Hillary Clinton claimed in her most recent press conference that the controversy over classified material in her e-mail is nothing more than a dispute among government agencies. “What you’re seeing now is a disagreement between agencies,” Hillary said in response to questioning from Fox News reporter Ed Henry, with one “saying ‘they should have’ and the other saying ‘no they shouldn’t.’ That has nothing to do with me.” As Catherine Herridge reports today, it actually does — on a couple of levels — and it may portend even more legal problems for Hillary:

The language in Part 3 of EO 13526 pertains to Herridge’s point. Under this EO, first issued in December 2009, the only authorities allowed to declassify data were the originator of the material who classified it, the originator’s successor to that position, those in the direct command structure above that position, or the head of the agency or his/her designate for the purpose of declassification. No one in any other agency could declare something declassified or unclassified, not even in cases of a dispute — or perhaps especially in cases of dispute.

It’s worth noting that the two EO precedents to 13526 say the same thing, so this was not new in December 2009. Prior to that, EO 13292 was in effect, signed by President George W. Bush in March 2003, which superceded EO 12958 signed by President Bill Clinton in April 1995. Both precedents specified that declassification could only be accomplished by the agency doing the classification:

It is presumed that information that continues to meet the classification requirements under this order requires continued protection. In some exceptional cases, however, the need to protect such information may be outweighed by the public interest in disclosure of the information, and in these cases the information should be declassified. When such questions arise, they shall be referred to the agency head or the senior agency official. That official will determine, as an exercise of discretion, whether the public interest in disclosure outweighs the damage to the national security that might reasonably be expected from disclosure.

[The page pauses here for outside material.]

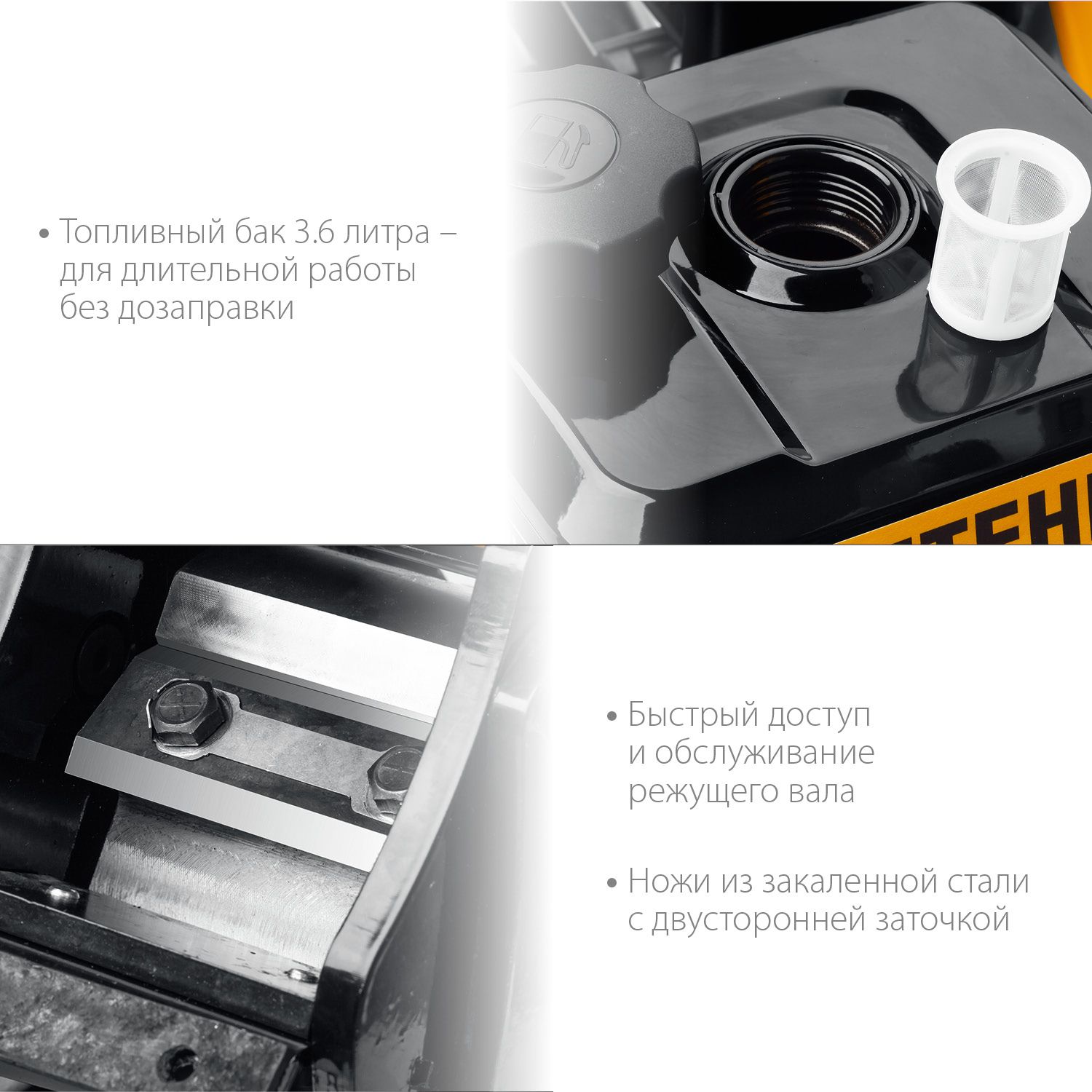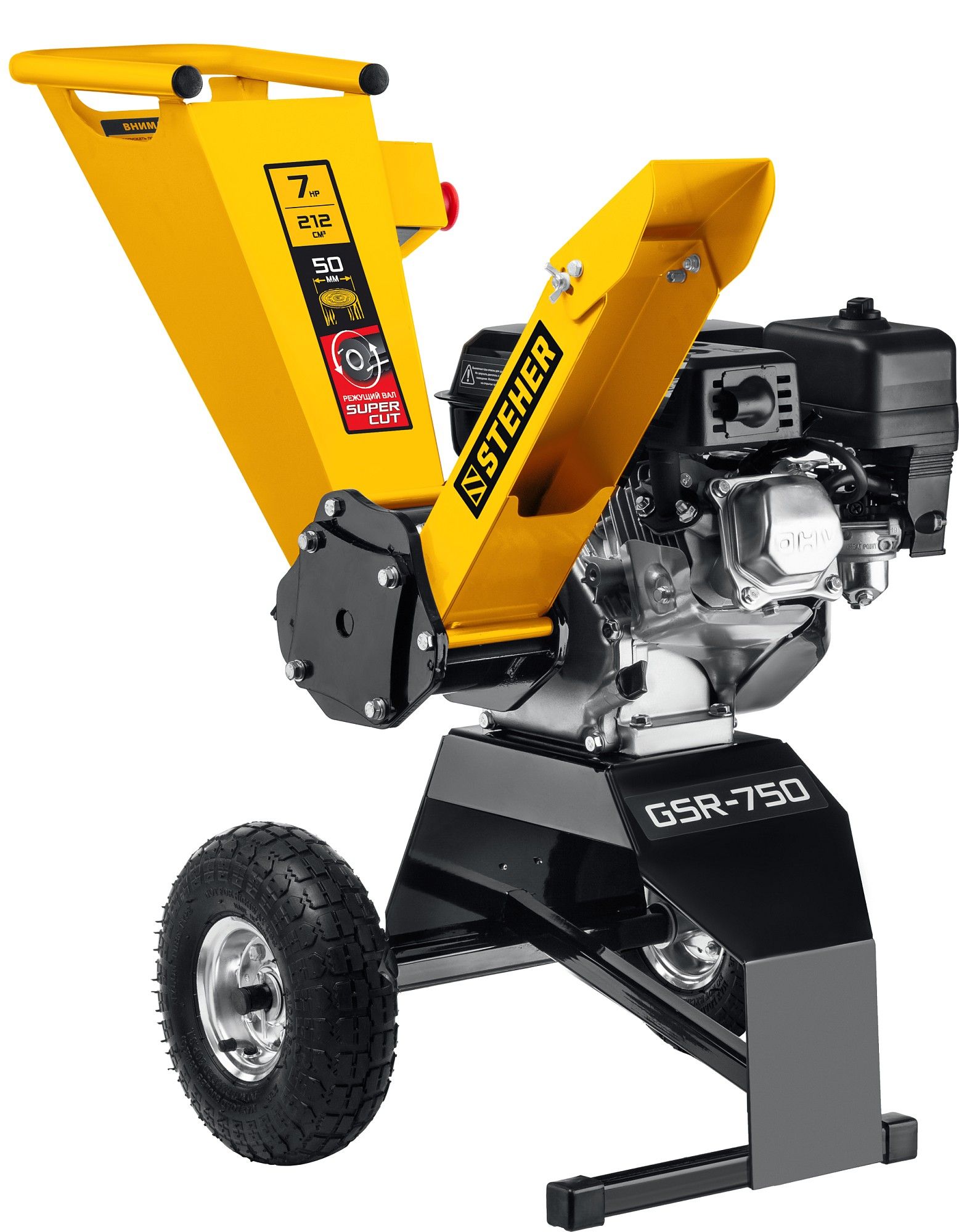 Высокопроизводительный компактный измельчитель древесного материала диаметром до 50 мм. Внимание! Начиная с даты производства 04.2023, инструмент поставляется с измененной формой загрузочного желоба и пневматическими колесами. Без изменения уровня качества

If outside agencies continue to challenge the classification, both earlier EOs specify that the Director of the Information Security Oversight Office has the authority to make a decision on the merits, with appeals possible to the President through the Assistant to the President for National Security Affairs. Obama’s EO uses the same mechanism, only routing an appeal from the ISOO to the National Security Advisor. Ominously, Obama’s EO includes this language from the preceding EOs:

(f) The provisions of this section shall also apply to agencies that, under the terms of this order, do not have original classification authority, but had such authority under predecessor orders.

In other words, Hillary and her team had no authority to treat material classified by other agencies as unclassified. Unless they asked the ISOO or the President to declassify it, it had to be handled with the classification given it by the NSA, DIA, NGA, and other agencies outside of the State Department.

Why does this matter? One of the federal statutes under which Hillary and her aides could be charged, 18 USC 1924, specifies that violating presidential executive orders on handling classified material is a crime, emphases mine:

(a) Whoever, being an officer, employee, contractor, or consultant of the United States, and, by virtue of his office, employment, position, or contract,becomes possessed of documents or materials containing classified information of the United States, knowingly removes such documents or materials without authority and with the intent to retain such documents or materials at an unauthorized location shall be fined under this title or imprisoned for not more than one year, or both.

(b) For purposes of this section, the provision of documents and materials to the Congress shall not constitute an offense under subsection (a).

(c) In this section, the term “classified information of the United States” means information originated, owned, or possessed by the United States Government concerning the national defense or foreign relations of the United States that has been determined pursuant to law or Executive order to require protection against unauthorized disclosure in the interests of national security.

By admitting knowledge that the materials were classified by other agencies, Hillary has made a very good case for prosecution under 1924. Maybe she should keep her mouth shut about this case, but that’s impossible in the context of a presidential campaign. Stonewalling with “no comments” when questions arise might make good legal sense, but it will drive a stake through the heart of any ambitions she has to move back into the White House.

Perhaps Hillary should think about suspending her campaign. A poll from Rasmussen shows a narrow plurality in favor of a stand-down:

Voters are almost evenly divided on that question: the latest Rasmussen Reports national telephone survey finds that 46% of Likely U.S. Voters believe Clinton should suspend her campaign for the Democratic presidential nomination until all of the legal questions about her use of the private e-mail server are resolved. Nearly as many (44%) disagree. Nine percent (9%) are undecided.

Even one-in-four Democrats (24%) agree that the front-runner for their party’s nomination should suspend her campaign for the time being. But that compares to 73% of Republicans and 46% of voters not affiliated with either major party.

Forty-five percent (45%) of all voters – but only 18% of Democrats – now consider the national security questions raised about Clinton’s use of a private e-mail server while serving as secretary of State to be a serious scandal. Twenty-eight percent (28%) of likely voters consider the matter an embarrassing situation, while nearly as many (23%) say it’s no big deal.

That won’t happen, though, not unless Hillary bails out of 2016 altogether.